# [DATASET EXTRACT]
+++++

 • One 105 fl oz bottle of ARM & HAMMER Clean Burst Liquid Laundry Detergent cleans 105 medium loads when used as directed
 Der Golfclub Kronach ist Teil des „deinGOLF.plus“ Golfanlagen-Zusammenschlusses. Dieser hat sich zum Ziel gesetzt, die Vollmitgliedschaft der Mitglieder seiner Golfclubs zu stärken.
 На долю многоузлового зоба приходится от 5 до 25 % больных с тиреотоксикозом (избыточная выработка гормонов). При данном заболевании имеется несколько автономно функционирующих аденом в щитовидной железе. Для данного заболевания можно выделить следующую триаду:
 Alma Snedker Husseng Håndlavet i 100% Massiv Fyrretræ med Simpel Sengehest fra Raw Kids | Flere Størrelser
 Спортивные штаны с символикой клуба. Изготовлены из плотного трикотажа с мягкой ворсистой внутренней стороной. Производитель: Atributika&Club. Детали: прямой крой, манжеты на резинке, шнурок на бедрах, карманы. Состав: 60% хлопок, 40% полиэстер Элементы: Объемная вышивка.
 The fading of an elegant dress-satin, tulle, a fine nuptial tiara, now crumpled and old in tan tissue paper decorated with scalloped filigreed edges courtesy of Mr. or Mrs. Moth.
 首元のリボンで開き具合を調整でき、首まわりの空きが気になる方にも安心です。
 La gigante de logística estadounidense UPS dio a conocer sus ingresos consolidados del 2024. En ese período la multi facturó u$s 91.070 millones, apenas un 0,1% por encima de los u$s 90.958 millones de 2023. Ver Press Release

+++++

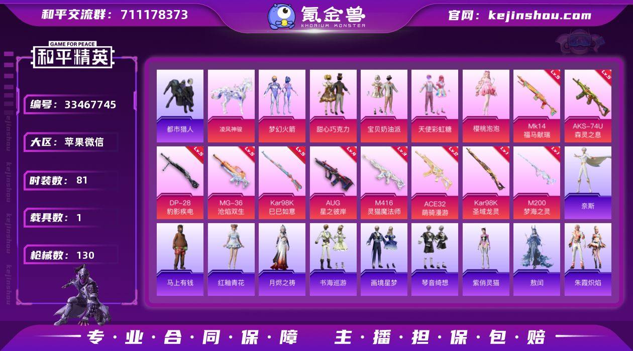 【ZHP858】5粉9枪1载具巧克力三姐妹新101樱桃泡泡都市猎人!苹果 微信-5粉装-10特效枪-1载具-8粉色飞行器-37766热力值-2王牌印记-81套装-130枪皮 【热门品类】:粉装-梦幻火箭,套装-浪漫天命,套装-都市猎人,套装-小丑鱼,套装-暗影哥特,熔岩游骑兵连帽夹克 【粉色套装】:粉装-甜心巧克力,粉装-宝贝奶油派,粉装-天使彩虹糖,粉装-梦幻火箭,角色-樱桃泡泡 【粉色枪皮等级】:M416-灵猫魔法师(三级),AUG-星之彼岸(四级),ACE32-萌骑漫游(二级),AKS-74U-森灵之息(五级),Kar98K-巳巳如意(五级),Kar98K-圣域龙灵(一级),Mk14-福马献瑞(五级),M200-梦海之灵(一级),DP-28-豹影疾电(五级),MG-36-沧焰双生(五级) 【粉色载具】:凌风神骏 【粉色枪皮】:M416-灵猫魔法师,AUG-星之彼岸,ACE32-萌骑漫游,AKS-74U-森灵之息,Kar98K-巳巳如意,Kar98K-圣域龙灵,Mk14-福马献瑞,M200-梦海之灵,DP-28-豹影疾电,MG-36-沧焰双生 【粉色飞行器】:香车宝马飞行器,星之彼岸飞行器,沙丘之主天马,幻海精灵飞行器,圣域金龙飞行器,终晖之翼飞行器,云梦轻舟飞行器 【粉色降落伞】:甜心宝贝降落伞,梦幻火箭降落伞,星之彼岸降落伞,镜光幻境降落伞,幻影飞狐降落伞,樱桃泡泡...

+++++

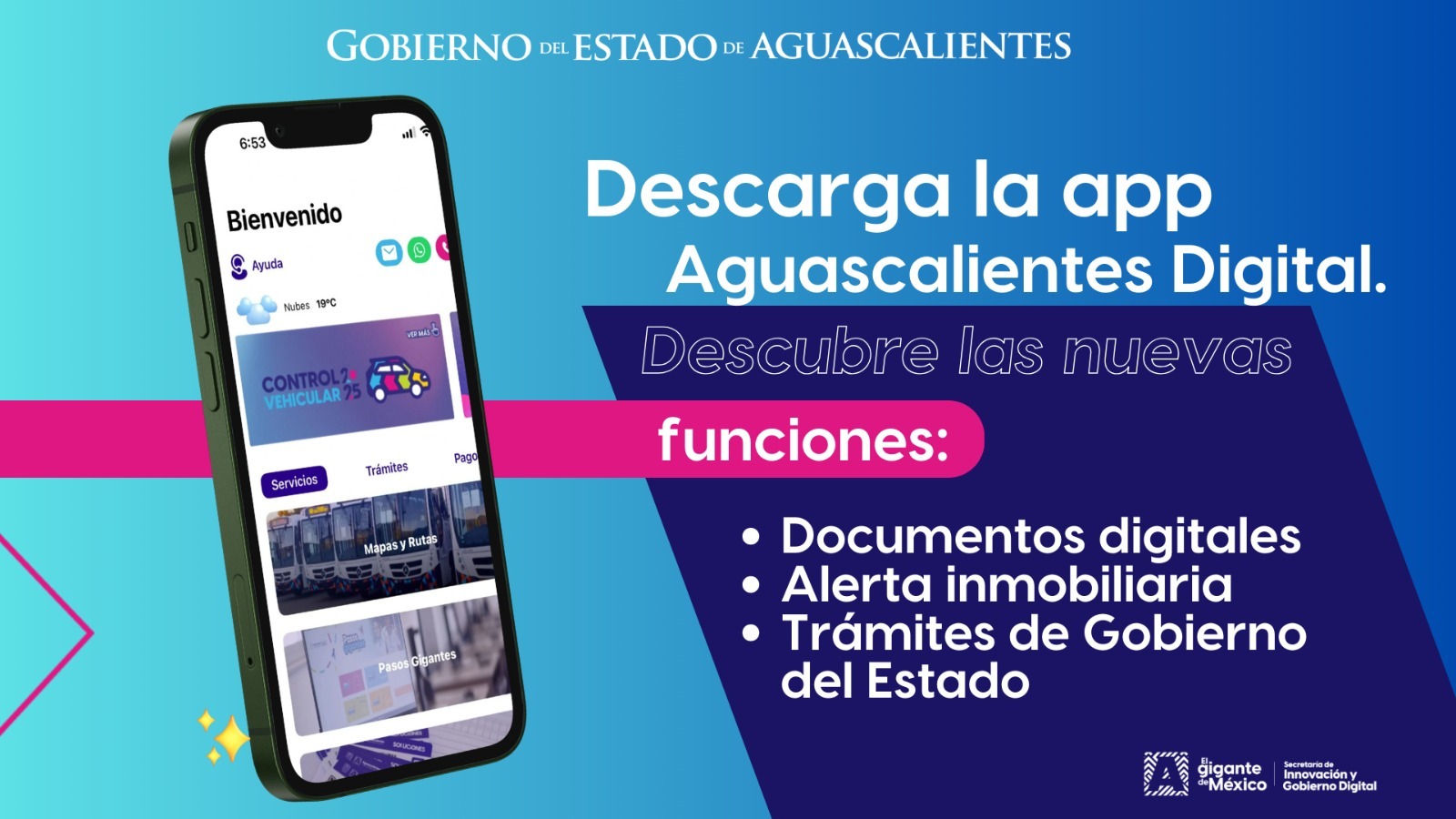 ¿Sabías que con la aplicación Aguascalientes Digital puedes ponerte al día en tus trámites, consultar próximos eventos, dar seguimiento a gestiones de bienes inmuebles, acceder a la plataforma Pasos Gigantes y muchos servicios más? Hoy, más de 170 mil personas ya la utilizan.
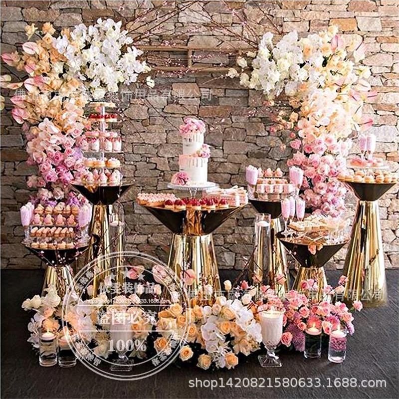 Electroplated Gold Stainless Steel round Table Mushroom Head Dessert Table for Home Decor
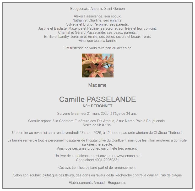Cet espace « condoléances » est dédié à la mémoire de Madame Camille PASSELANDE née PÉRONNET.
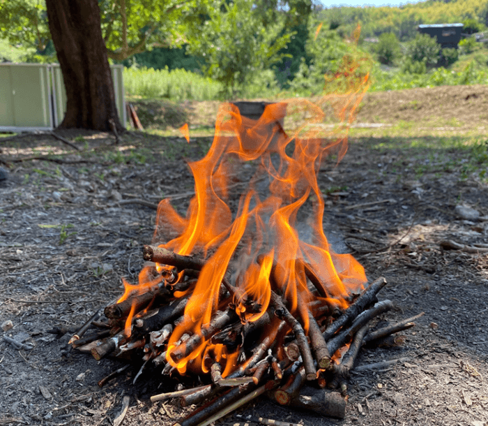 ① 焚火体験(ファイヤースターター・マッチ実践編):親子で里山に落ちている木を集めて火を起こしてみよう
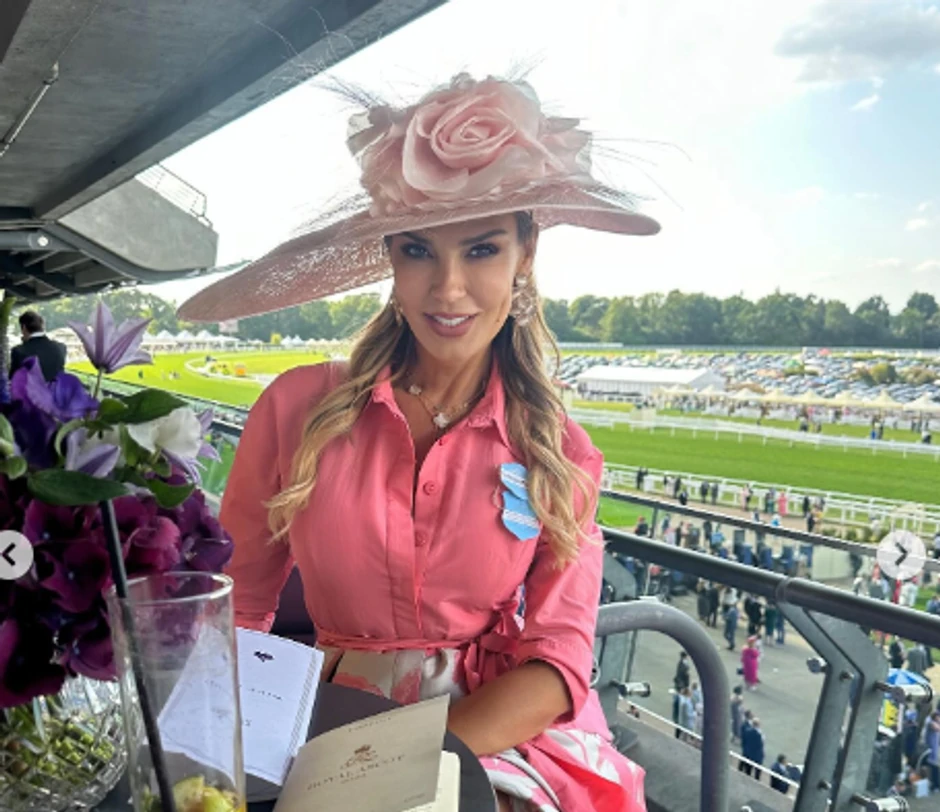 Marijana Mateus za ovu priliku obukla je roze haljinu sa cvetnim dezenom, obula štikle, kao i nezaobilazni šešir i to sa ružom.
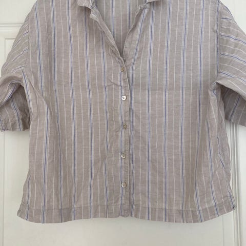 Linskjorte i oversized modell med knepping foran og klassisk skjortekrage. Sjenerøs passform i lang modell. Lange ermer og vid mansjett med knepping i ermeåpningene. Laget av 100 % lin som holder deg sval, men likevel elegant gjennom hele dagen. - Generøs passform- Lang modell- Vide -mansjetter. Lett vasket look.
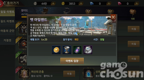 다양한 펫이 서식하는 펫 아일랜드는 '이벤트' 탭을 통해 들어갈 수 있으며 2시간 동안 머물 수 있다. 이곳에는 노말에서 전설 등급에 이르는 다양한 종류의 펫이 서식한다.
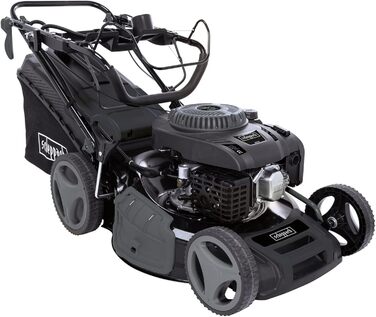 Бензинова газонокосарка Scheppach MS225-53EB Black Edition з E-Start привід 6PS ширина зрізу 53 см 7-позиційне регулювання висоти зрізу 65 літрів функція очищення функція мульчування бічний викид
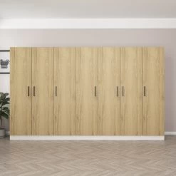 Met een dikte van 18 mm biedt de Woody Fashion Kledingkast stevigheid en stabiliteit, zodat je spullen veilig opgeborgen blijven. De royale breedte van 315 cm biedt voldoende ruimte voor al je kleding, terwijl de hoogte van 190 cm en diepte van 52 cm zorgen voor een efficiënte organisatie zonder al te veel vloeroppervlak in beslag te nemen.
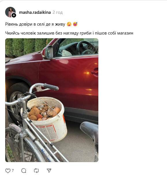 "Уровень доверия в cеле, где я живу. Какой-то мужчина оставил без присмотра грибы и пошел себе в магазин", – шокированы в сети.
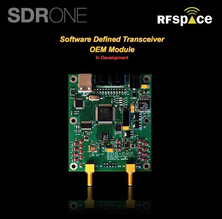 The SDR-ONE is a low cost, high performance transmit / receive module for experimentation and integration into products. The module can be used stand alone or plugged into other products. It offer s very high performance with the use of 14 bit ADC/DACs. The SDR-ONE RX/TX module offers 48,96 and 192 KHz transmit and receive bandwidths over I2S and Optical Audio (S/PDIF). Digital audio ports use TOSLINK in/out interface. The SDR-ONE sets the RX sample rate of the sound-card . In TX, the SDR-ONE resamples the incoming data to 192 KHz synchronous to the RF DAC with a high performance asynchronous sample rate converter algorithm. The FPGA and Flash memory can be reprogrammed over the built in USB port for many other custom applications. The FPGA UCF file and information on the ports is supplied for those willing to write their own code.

+++++

# [EXERCISE BRIEF]
Would you print exactly, and only, the lines of the data above from the line with "The fading of" through the line with "La gigante de", inclusive?

# [THE ANSWER]
 The fading of an elegant dress-satin, tulle, a fine nuptial tiara, now crumpled and old in tan tissue paper decorated with scalloped filigreed edges courtesy of Mr. or Mrs. Moth.
 首元のリボンで開き具合を調整でき、首まわりの空きが気になる方にも安心です。
 La gigante de logística estadounidense UPS dio a conocer sus ingresos consolidados del 2024. En ese período la multi facturó u$s 91.070 millones, apenas un 0,1% por encima de los u$s 90.958 millones de 2023. Ver Press Release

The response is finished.